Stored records
......

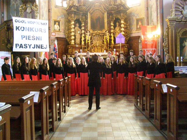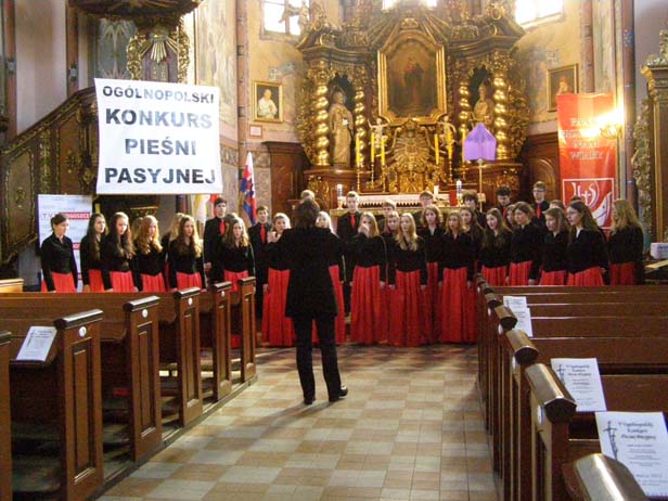 Występ miał charakter uroczysty, tradycyjnie rozpoczęliśmy oprawą mszy świętej. Po mszy rozpoczął się koncert, który poprzedzony został informacją o historii i osiągnięciach zespołu, przedstawioną przez Prezesa Stowarzyszenia Chóralnego Kantylena - Pana Krzysztofa Styczyńskiego. Słowa powitania skierował również do chóru i przybyłych gości Rektor Kościoła ks. Dariusz Marek Bondyra. Po takim wstępie zabrzmiały pieśni pasyjne. Koncert zakończył się wspólnym wykonaniem pieśni "Gdy ja sobie rozważuję...". W wykonaniu wzięli udział członkowie Kantyleny oraz licznie przybyli na koncert absolwenci chóru. Były też podziękowania i gratulacje. Koncert prowadziła Alicja Nowak.
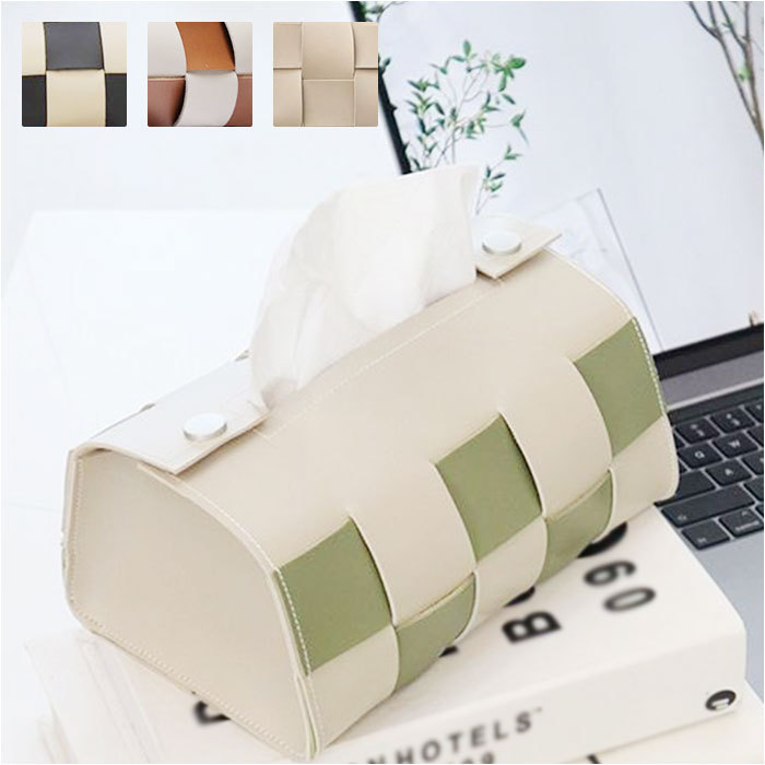 수제 짠 격자 무늬 가죽 티슈 박스 라이트 럭셔리 하이 엔드 센스 티슈 서랍 가정용 식탁 냅킨 보관 상자스토어 가기
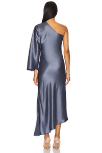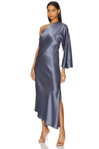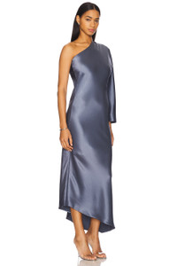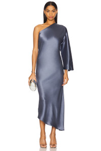 - Self: 76% acetate 24% polyester Lining: 100% viscose - Machine wash - Partially lined - Pull-on styling - One-shoulder styling - Satin fabric with side slit - Revolve Style No. BYMA-WD88 - Manufacturer Style No. 103093
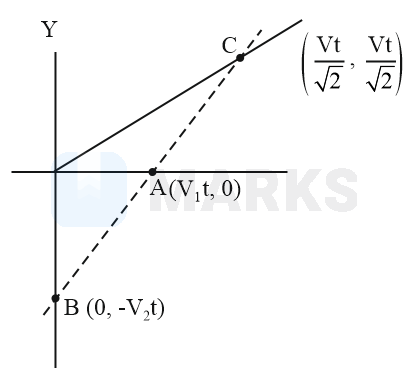 Three particles start from the origin at the same time, one with a velocity along the -axis, second along the negative -axis with a velocity and third particle moves along the line . The velocity of third particle, so that three may always lie on the same line is :
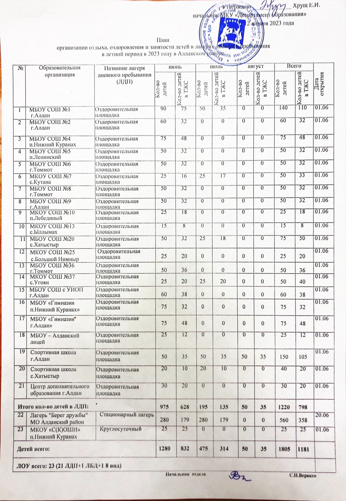 В раздел " Лето - время наших открытий " добавлен План организации отдыха, оздоровления и занятости детей в летний период в 2023 году в Алданском районе

......

* _What you are asked to do_
With the pictures left out, output the lines from the one containing "수제 짠 격자 무늬 가죽" through the last line of the records above, exactly as they are.

* _Result below_
 수제 짠 격자 무늬 가죽 티슈 박스 라이트 럭셔리 하이 엔드 센스 티슈 서랍 가정용 식탁 냅킨 보관 상자스토어 가기
 - Self: 76% acetate 24% polyester Lining: 100% viscose - Machine wash - Partially lined - Pull-on styling - One-shoulder styling - Satin fabric with side slit - Revolve Style No. BYMA-WD88 - Manufacturer Style No. 103093
 Three particles start from the origin at the same time, one with a velocity along the -axis, second along the negative -axis with a velocity and third particle moves along the line . The velocity of third particle, so that three may always lie on the same line is :
 В раздел " Лето - время наших открытий " добавлен План организации отдыха, оздоровления и занятости детей в летний период в 2023 году в Алданском районе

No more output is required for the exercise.